9. Feeding a baby in a sling or “on the fly”

Breastfeeding in a sling takes some practice, but it can be used to go out of the house, look after older children or even do a little household chores. nine0005

The sling is also useful if the baby does not like to lie down or is often attached to the breast. Lindsey, a mother of two in the US, notes: “I used the carrier frequently for both of my children. When we were out, I tied the sarong around my neck and covered the carrier with it. Under such a cape, the baby can eat as much as he wants until he falls asleep.

This breastfeeding position is best when the baby is already good at breastfeeding and can hold its head up by itself. Any slings are suitable for breastfeeding, including elastic and rings, as well as carrying bags. Whatever option you choose, the main thing is that you can always see the face of the child, and his chin does not rest against his chest. nine0005

10. Double hand-held breastfeeding

Double hand-held breastfeeding (or “double-ball grab”) is great for mothers of twins—you can breastfeed both at the same time, while keeping your arms relatively free. 4 When feeding in this position, it is advisable to use a special pillow for breastfeeding twins, especially at first. It will provide extra support and help keep both babies in the correct position, as well as reduce the burden on the abdomen if you had a caesarean section. In addition, the hands are freer, and if necessary, you can deal with one child without interfering with the second. nine0005

“My twins were born very tiny and had to be fed every two hours at any time of the day or night. Very soon it became clear: if I want to do anything besides feeding, I need to feed them both at the same time, - says Emma, ​​mother of two children from the UK. “I breastfed them two by hand using a breastfeeding pillow.”

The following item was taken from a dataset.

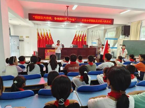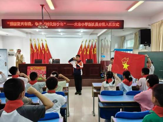 10月13日,是中国少年先锋队建队76周年纪念日。中午,一场充满光荣与梦想的“强国复兴有我,争当新时代好少年”分批入队仪式在水东中心小学小学阶梯教室隆重举行。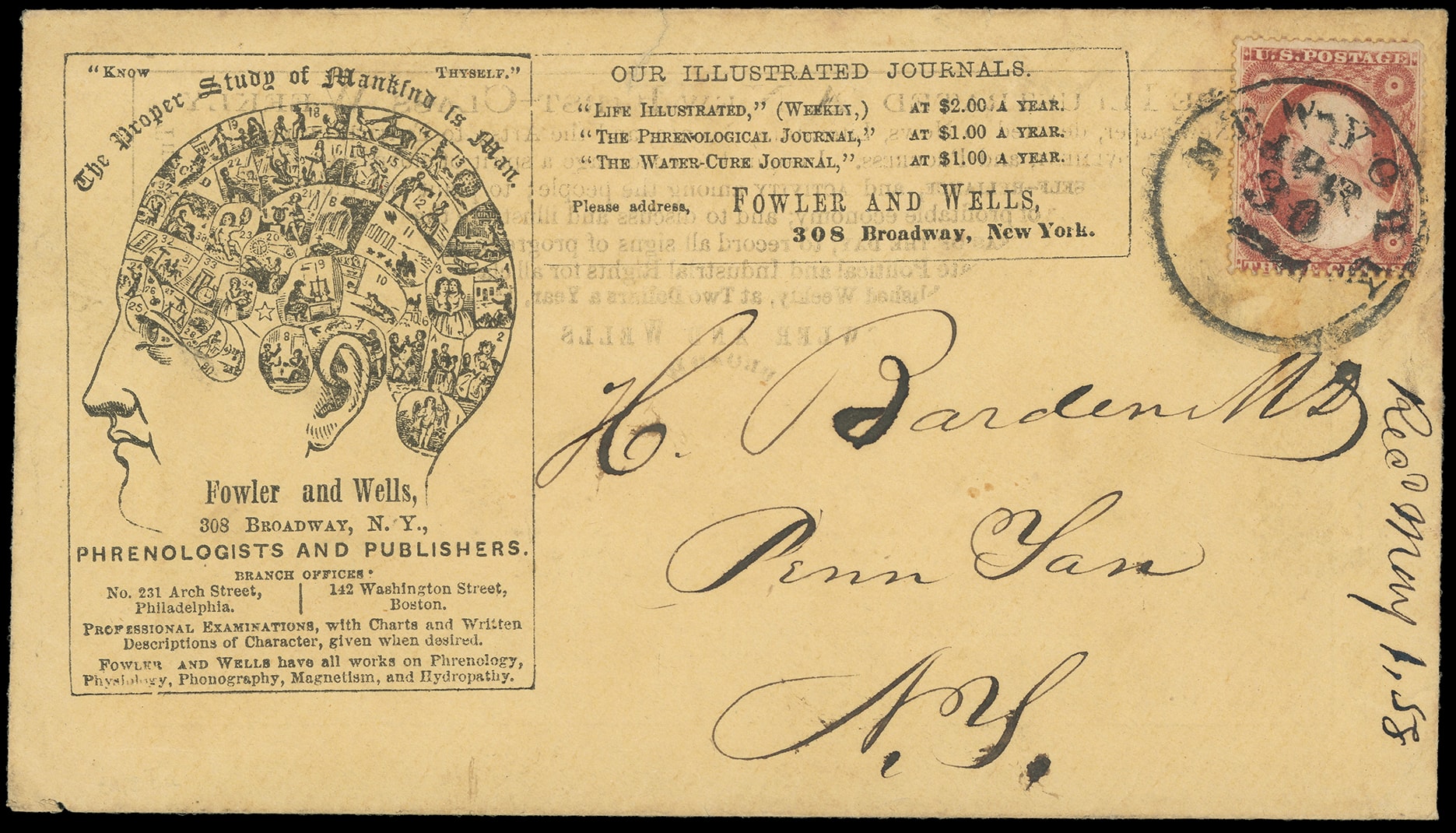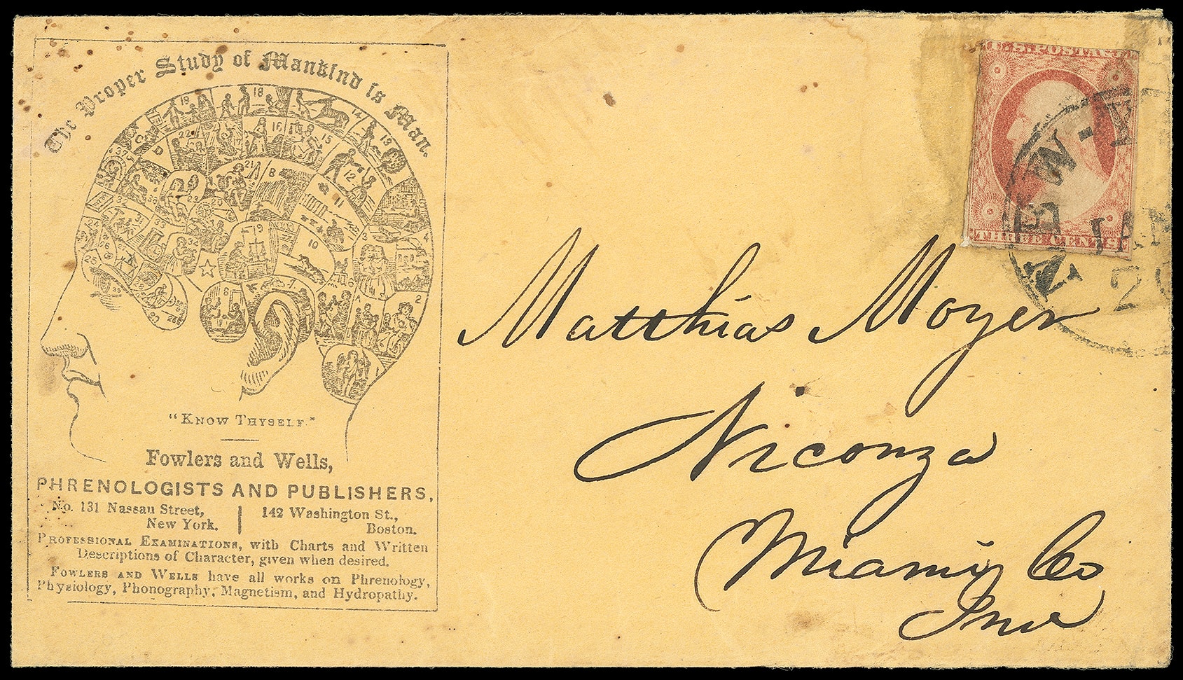 and Wells, Phrenologists & Publishers, New York N.Y. Illustrated ad design showing Skull with Partitioned "Brain Organs" on buff cover bearing 3¢ dull red (11A) tied by "New-York, Jan 20" cds to Niconza, Indiana; soiling and wear,

Other comfortable positions for breastfeeding twins are two criss-cross cradles, one baby in the cradle and the other close at hand, reclining feeding or sitting upright (one baby on one side, the other on the other). nine0005

11. Breastfeeding in the “arm-supported” or “dancer's-arm” position

muscle tone (which is typical for premature babies, children suffering from various diseases or Down syndrome), try supporting his head and your chest at the same time. 4 Grab your chest with your palm underneath so that your thumb is on one side and all the other fingers are on the other. Move your hand slightly forward so that your thumb and forefinger form a "U" just in front of your chest. With the other three fingers, continue to support the chest. With your thumb and forefinger, hold the baby's head while feeding so that his chin rests on the part of the palm between them, your thumb gently holds the baby on one cheek, and your index finger on the other. So the baby gets excellent support, and you can control his position and see if he is holding his breast. nine0005


1 Colson SD et al. Optimal positions for the release of primitive neonatal reflexes stimulating breastfeeding. Early Hum Dev . 2008;84(7):441-449. - Colson S.D. et al., "Optimal Positions for Provoking Primitive Innate Reflexes to Induce Breastfeeding." Early Hume Dev. 2008;84(7):441-449.

2 UNICEF UK BFHI [ Internet ]. Off to the best start ; 2015 [ cited 2018 Feb ]. - UNICEF UK, Baby-Friendly Hospital Initiative, Start the Best You Can [Internet]. 2015 [cited February 2018].

3 Cadwell K. Latching - On and Suckling of the Healthy Term Neonate: Breastfeeding Assessment.